The UK will be treated “like Greece” and will have little chance of getting its own way during next year’s Brexit negotiations, the Prime Minister of Malta has said.
Joseph Muscat will chair the EU’s rotating presidency next year, during which time Theresa May intends to trigger Article 50 and begin the process of withdrawing the UK from the Union.
The Maltese PM said he expects the UK to be left with a “fair” but “inferior deal” by the end of formal negotiations and stressed that a united front will be taken by the EU’s 27 remaining nations.
“Even the most pro-UK countries - the Netherlands, Estonia, Ireland - say you cannot have your cake and eat it”, Mr Muscat said in an interview with Politico Europe. “Expect the format to be more or less like what happened with Greece.”
Greece suffered during bailout negotiations in 2015 due to a hardline approach from EU member states, which saw the Greek PM Alexis Tsipras forced to accept a difficult austerity package.
“From my discussions with the UK government, they seem to want [to negotiate by] chapters.
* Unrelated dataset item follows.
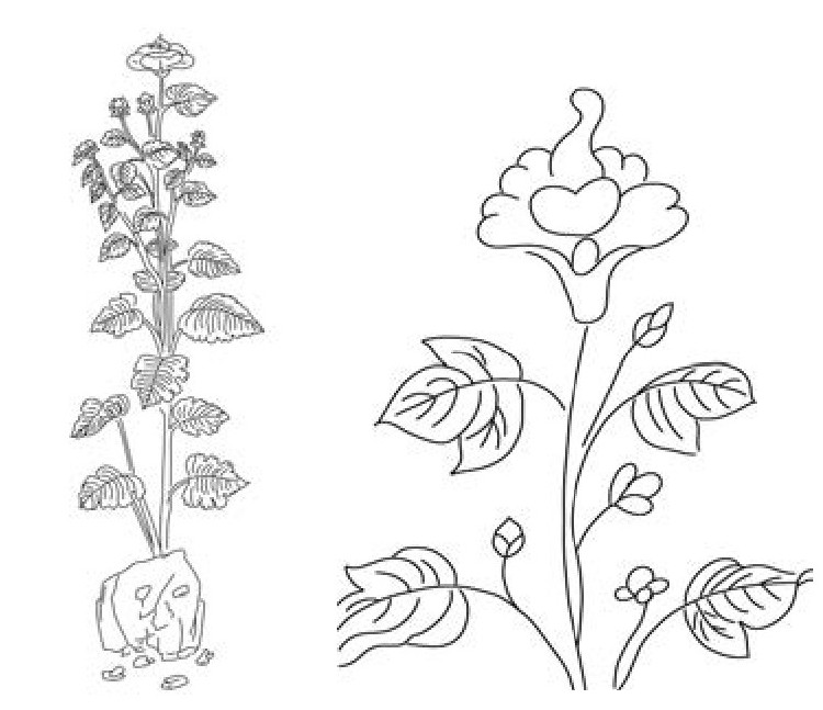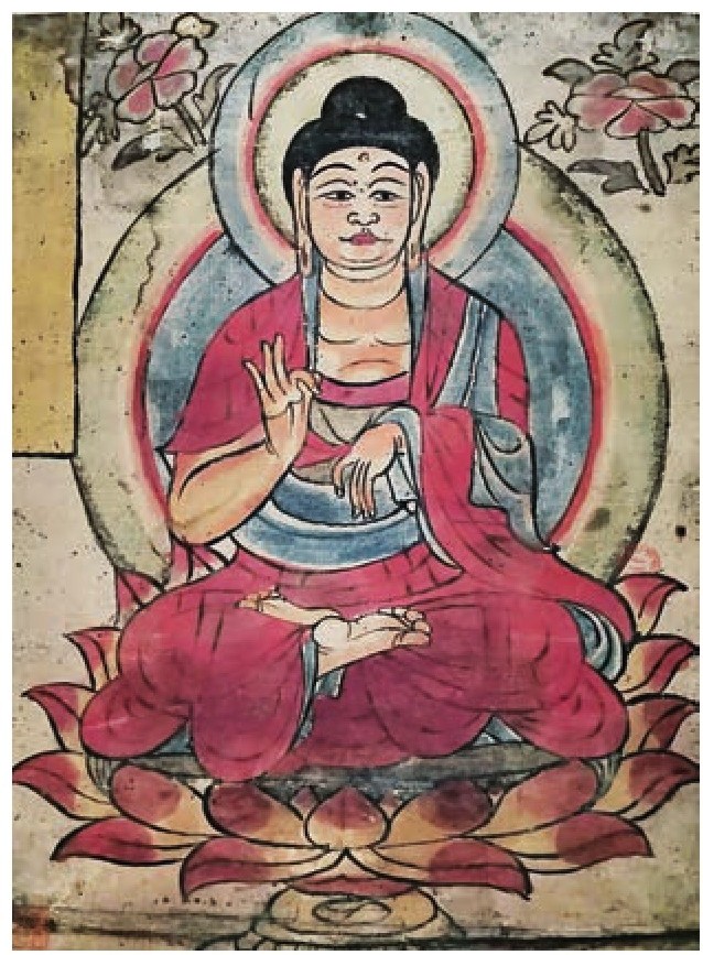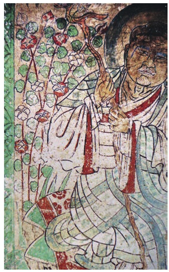 图16 纸本释迦牟尼像中的蜀葵,五代,法国国家图书馆藏(P4518—12)

They want to look at the single market, at sovereignty, at freedom of movement, at transposition of EU laws,” Mr Muscat continued.
“The feeling I get is that it is unacceptable to most member states. They want the single market and freedom of movement to be tackled together.”
Mr Muscat added that the European Commission “will lead the negotiating but the crux will be in the member states”.
He said the European Parliament “cannot be underestimated” in the Brexit process and that the assembly’s decision to appoint former Belgian PM Guy Verhofstadt as its chief negotiator “sends a very clear political signal.”
Theresa May ended weeks of speculation by telling the Conservative Party conference she intends to launch formal Brexit talks before the end of March 2017.
The value of the pound fell to its lowest level against the dollar as Ms May indicated she may push for a ‘hard Brexit’ including tough controls on immigration.